192.168.1.2 DESKTOP-GD4U33R

So, this can be done for many legitimate reasons, as a local DNS lookup may be more favourable. Do realise that the localhost (127.0.0.1) is a loopback address; it is accessible via your machine only. A localhost lookup could be favourable if you were doing web server testing locally before deployment and hence needed privacy.

Mentioning your hostname changed from user@MacBookAir ~ to user@DESKTOP-GD4U33R ~ implies an application with root privileges made this change (I speak more about this below). Issue cat /etc/hostname will allow you to view your hostname. You can change your hostname either by editing /etc/hostname or in Settings > Network Utility. By default modern, Microsoft Windows machines use the hostname @DESKTOP-XXXXXXX where X is a random base-36 string of upper case letters and numeric characters. Just a suggestion for the possible naming convention, as it's quite specific, but as for your hostname becoming DESKTOP-GD4U33R and having a DNS resolution to DESKTOP-GD4U33R via 192.168.1.2 does seem quite unusual.
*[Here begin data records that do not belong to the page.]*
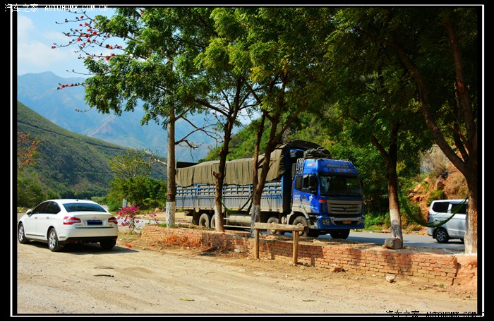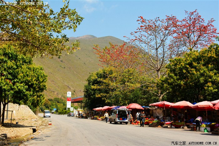 25,我在这里停车,一开始,是因为看到了木棉(攀枝花)树开花了。后来一看时间:快中午12:00时了,就临时决定在此用餐;反正前面几公里就到冷镦了。那里摆摊的,停车买东西的,乱糟糟的,我很不喜欢。。。。。。
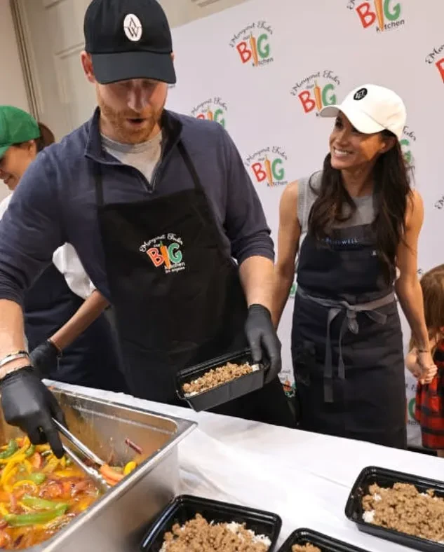 44-летняя Маркл и 41-летний Гарри посетили общественную кухню Our Big Kitchen в Лос-Анджелесе, которая занимается раздачей еды нуждающимся.
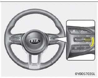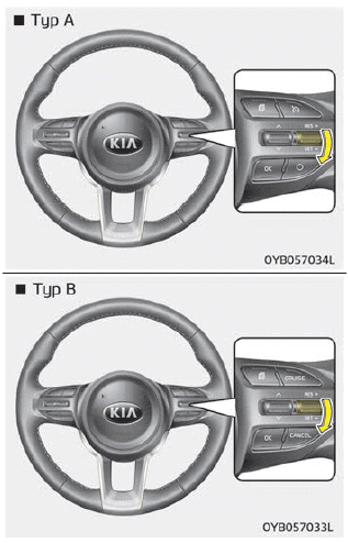 3. Drücken Sie den Hebel nach unten (в Richtung SET-) и lassen Sie ihn bei Erreichen der gewünschten Geschwindigkeit лос. Die Tempomat- Kontrollleuchte leuchtet auf. Lassen Sie gleichzeitig auch das Газпедаль лос. Die eingestellte Geschwindigkeit автоматическая монахиня beibehalten.

This is good news as the IP address resolves to your local network. Consequently, this potential threat is isolated. As mentioned identify who 192.168.1.2 is before proceeding further. But, I would suggest, presuming you are the network administrator or are authorised, using NMap to identify open ports on this machine; nmap -Pn -A 192.168.1.2 will suffice. This device can absolutely be an egress port on your machine, from terminal use ifconfig | grep 192.168.1.2 you can identify if this IP address is one of the machine's network interfaces.

ClamAV offers a macOS antivirus, but locally this looks more like an application modified /etc/hostname and /etc/hosts. It could also be worthwhile ensuring both files are read-only ls -l /etc/hostname; ls -l /etc/hosts should return something like:

-rw-r--r-- root root  /etc/hosts
-rw-r--r-- root root  /etc/hostname

Notice that only the root user (not group) should have write access.